Let $A = (\sqrt{7}-\sqrt{6}) - (\sqrt{6}-\sqrt{5} )$
This comes to comes to $A = (\sqrt{7}+\sqrt{5})-2\sqrt{6}$
The square of the first is $12+2\sqrt{35}$, the square of the second is $12+2\sqrt{36}$
Since $35 \lt 36$, then $A \lt 0$, hence $\sqrt{6}-\sqrt{5}$ is bigger.
$7-6=6-5$
or, equivalently $(\sqrt7-\sqrt6)(\sqrt7+\sqrt6)=(\sqrt6-\sqrt5)(\sqrt6+\sqrt5)$
hence, $$\frac{\sqrt7-\sqrt6}{\sqrt6-\sqrt5}=\frac{\sqrt6+\sqrt5}{\sqrt7+\sqrt6}<1 \text{ }\text{ }\text{ } (\text{since } \sqrt7>\sqrt5)$$
$\therefore \sqrt6-\sqrt5>\sqrt7-\sqrt6$
$$\frac{f(5)+f(7)}{2} \lt f(\frac{5+7}{2}) $$ for a concave function $f$, and so for $f(x)=\sqrt x$.
But even if you proceed on the way you have started you will get the result.
$$\begin{eqnarray} \sqrt{7}-\sqrt{6} &\lt& \sqrt{6}-\sqrt{5} &\mid& ^2 \\ 13-2\,\sqrt{6}\,\sqrt{7} &\lt& 11-2\,\sqrt{5}\,\sqrt{6} &\mid& -11+2\sqrt{6}\sqrt{7} \mid \div 2 \\ 1 &\lt& \sqrt{6}\,\sqrt{7}-\sqrt{5}\,\sqrt{6} & \mid& ^2 \\ 1&\lt& 72-12\,\sqrt{5}\,\sqrt{7} & \mid& +12\sqrt{5}\sqrt{7} \\ 12\,\sqrt{5}\,\sqrt{7} &\lt& 71 & \mid& ^2 \\ 12^2 \cdot 35 &\lt& 71^2 \end{eqnarray}$$ All squaring operations are reversible and don't change the inequality relation because the LHS and the RHS of the inequalities are positive. But $$12^2 \cdot 35 =12 \cdot 6 \cdot 2 \cdot 35=72 \cdot 70 = (71+1)(71-1)=71^2-1$$
So the last and therefore all inequalities are true.
Here's how to figure it out without any arithmetic:
As you know, the graph of the square function grows steeper and steeper: The difference between $(n+1)^2$ and $n^2$ grows ever larger as $n$ increases.

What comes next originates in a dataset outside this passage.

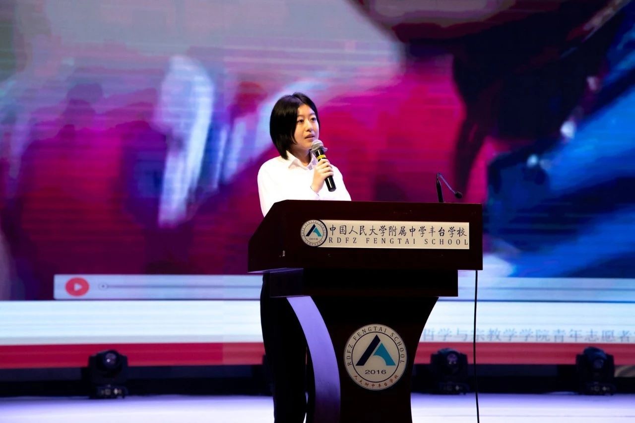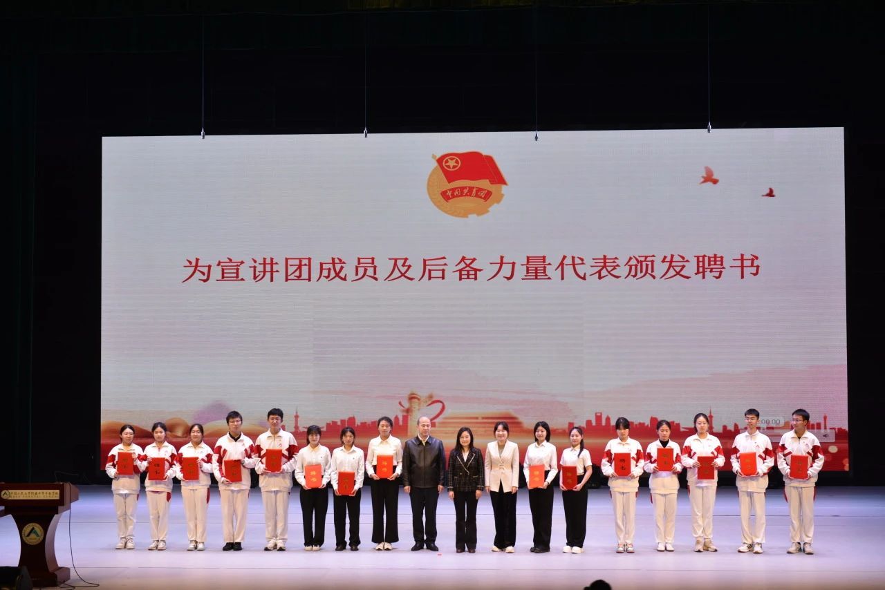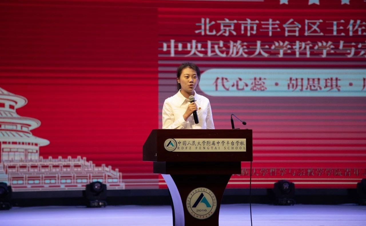 北京市丰台团区委副书记黄敏慧、w66旗舰厅官网哲学与宗教学公司党委副书记杨景仪、王佐镇党委委员、组织委员黄修良向宣讲团成员及人大附中丰台公司宣讲团后备力量代表颁发聘书。

The square root function is the inverse of the square function, so the difference grows ever smaller as $n$ increases. Therefore, the difference between $\sqrt{7}$ and $\sqrt{6}$ is smaller than the difference between $\sqrt{6}$ and $\sqrt{5}$.
$\sqrt 6−\sqrt 5$ is greater than $\sqrt 7−\sqrt 6$ because the value of $\sqrt 6$ is 2.449, $\sqrt 5$ is 2.236 $\sqrt 7$ is 2.645 on subtracting $\sqrt 6−\sqrt 5$ you get 0.213 whereas on subtracting $\sqrt 7−\sqrt 6$ you get 0.196.
So, $\sqrt 6−\sqrt 5$ is greater.
$1-$ I will leave this part as it is; please read the comments below:
$$\lim_{n\rightarrow\infty} \sqrt{n+1}-\sqrt{n}=0$$
$2-$ let
$$f(n)=\sqrt{n+1}-\sqrt{n}$$
$$f^{'}(n)=\frac{1}{2}\left[\frac{\sqrt{n}-\sqrt{n+1}}{\sqrt{n(n+1)}}\right]$$ We see that $f^{'}(n)<0$ for all $n$. This shows that $f$ is monotonically decreasing.
As a result for any pair $n_1$ and $n_2$ s.t. $n_1>n_2$ we have $f(n_2)>f(n_1)$
Now take $n_1=6$ and $n_2=5$. this leads to $f(5)>f(6)\Rightarrow \sqrt{6}-\sqrt{5}>\sqrt{7}-\sqrt{6}$
I hope this help now.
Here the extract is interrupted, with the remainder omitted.